Young adults are increasingly having children before getting married - Hinterhaus Productions/Stone RF
Young adults are increasingly having children before getting married - Hinterhaus Productions/Stone RF

Maria Bataller has been with her partner for more than a decade. The couple share a house, a dog, two children and a business. “But”, says the 36-year-old entrepreneur from Cambridge, “we never got married. We always had other priorities, like travelling around the world, house extension and renovations, kids, then starting a business together. It's not in our plans to get married.”

She belongs to a growing cohort of young adults who no longer view marriage as a key life event. Not so long ago, the big white wedding was a rite of passage, and one that came before children. Today? Not so much.

New research suggests female graduates in the US are now six times more likely to have their first baby out of wedlock than they were 25 years ago. Almost one in four women in their 30s with a degree has their first child outside of marriage, up from just four per cent in 1996, according to the findings. Prof Andrew Cherlin, who led the study at Johns Hopkins University, surmised that “the place of marriage in the sequence of life events for emerging adulthood may be shifting”.
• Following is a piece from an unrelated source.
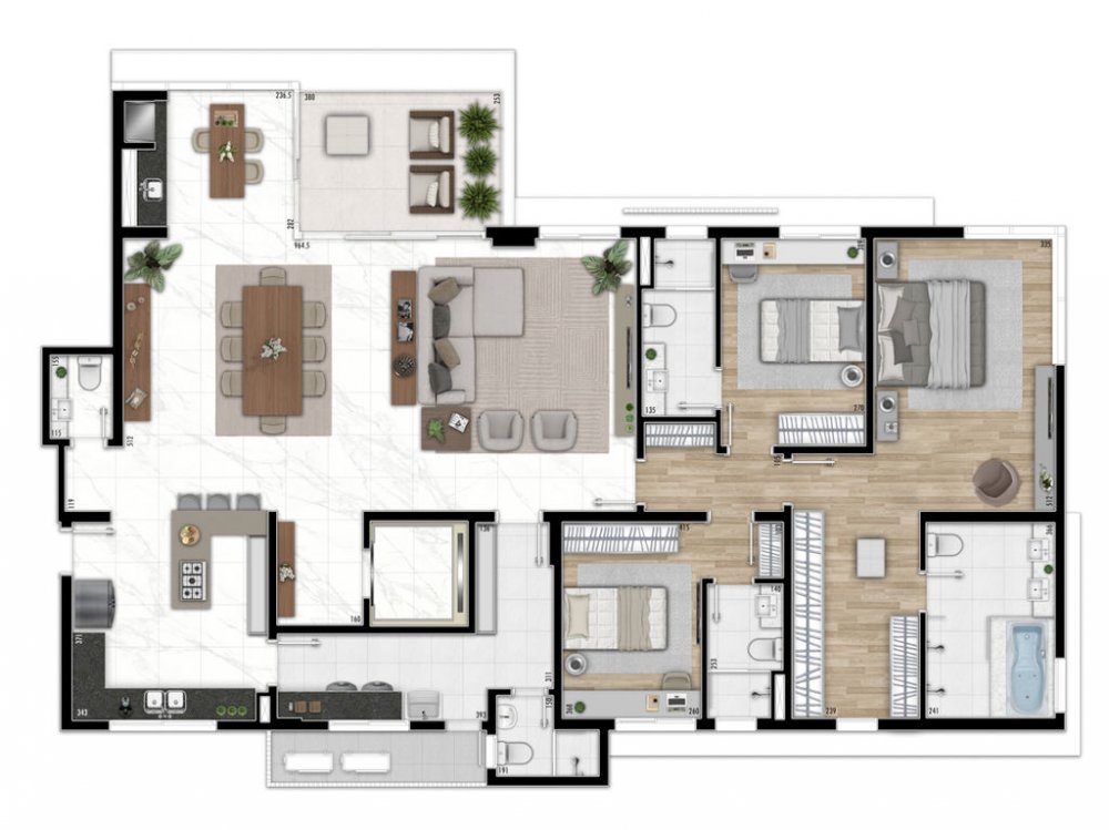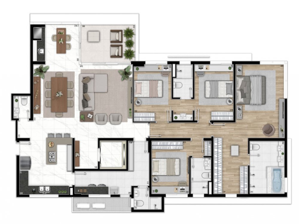 - Área Privativa: 200,57 m²

Unlike their parents, today’s young adults “may postpone or forgo marriage until and unless they have attained certain economic markers such as home ownership or an income comparable to the married couples around them,” said Prof Cherlin.

My millennial generation and those born after it don’t appear to see it as the non-negotiable starting point it once was. For the most part we face no stigma for having a baby first. Consider the shift in the language we use: no longer would a child born out of wedlock be referred to as a “bastard”. The very phrase “out of wedlock” is out of date.
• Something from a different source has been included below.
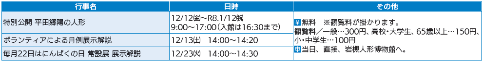 岩槻人形博物館…月曜日、12/16(火)、12/28(日)~R8.1/4(日)
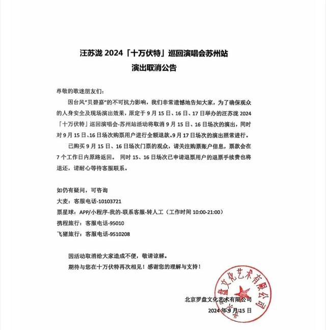 汪苏泷苏州演唱会原定于9月15日、16日、17日举办,15日、16日场次取消,17日照常演出。对购买15日、16日场次的观众全额退款;已申请退票15日、16日场次的退票手续费也将退还。

When my then-boyfriend proposed, I said yes, then waited two days before making my own proposal. “How about we have a baby first and then get married?” Children had always been higher up my list of life priorities. My now-husband argued we needn’t rush into parenting. Who won the debate? Well, our son arrived nine months later.
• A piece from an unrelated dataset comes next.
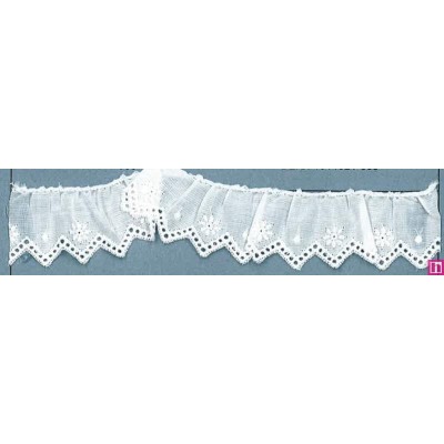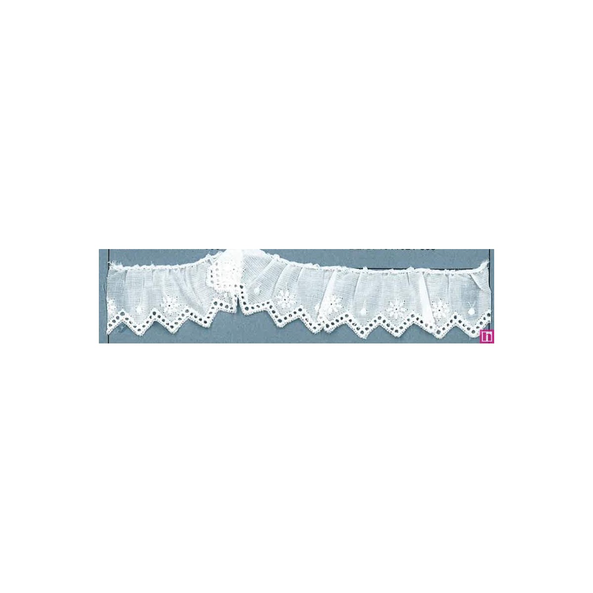 1611021-000 BORDADO FRUNCIDO BATISTA IKIA POLIESTER 60%-ALGODON 40% BLANCO Venta en piezas de 11.00 M

Prof Cherlin found that of all 30-something women who had their first child outside of marriage, those with university degrees were the most likely to be married at the time of their second birth – as was the case for me.

But a growing number are ambivalent about whether they will bother with marriage at all.

Anniki Sommerville, a mother of two and author of How to Be a Boss at Ageing who is among the growing cohort of happily unmarried, says among her parent friends the married are in the minority. Her seven-year-old sometimes asks her if they’ll ever marry, but she can never give a definite answer.

“I went through a wave of going to friends’ weddings and having that feeling of ‘oh, I must get married because everyone else seems to be’. Then that wave passed,” she says.

But in the UK the landscape may be somewhat more complex. Brienna Perelli-Harris, professor of demography at the University of Southampton and contributor to the Understanding Society project, says that over here, although childbearing within unmarried cohabitation is increasing among highly educated women, it is growing even more among the less educated.

“Often what happens is the highly educated become more liberal and accepting in their attitudes but their behaviours don’t necessarily change,” she says. “It’s the low educated people who are having a harder time finding the stability that’s needed for the commitment of marriage.”

Prof Perelli-Harris is about to publish a paper showing relationship quality is still associated with marriage too. “So people who are happier in their partnerships are more likely to get married,” she says.

As for whether it’s men or women who are driving the shift away from marriage, she suggests the evidence is mixed.

Either way, the playing field is still entirely uneven for the married and unmarried. Kate Daly, co-founder of Amicable, a lawyer-free divorce service, warns the biggest mistake people make is assuming there is such a thing as common law marriage. “There are no rights or protections [associated with cohabitation],” she says.

Say you’ve moved into a house owned by your partner and your name isn’t on the deeds: if the relationship breaks down, “you can find yourself homeless with a child,” says Daly. Likewise if you have prioritised raising children while your partner worked: “All of a sudden you can be left without retirement benefits and no right to claim against your partner’s retirement benefits.”

After no-fault divorce comes into effect from next April, allowing for a divorce without either party attributing fault or lengthy separation periods, reforming these problems around cohabitation will be the next social campaign, adds Daly. But she fears it could take some time. “It’s an area where the law just hasn’t kept pace with where society has got to and how we want to live our lives today.”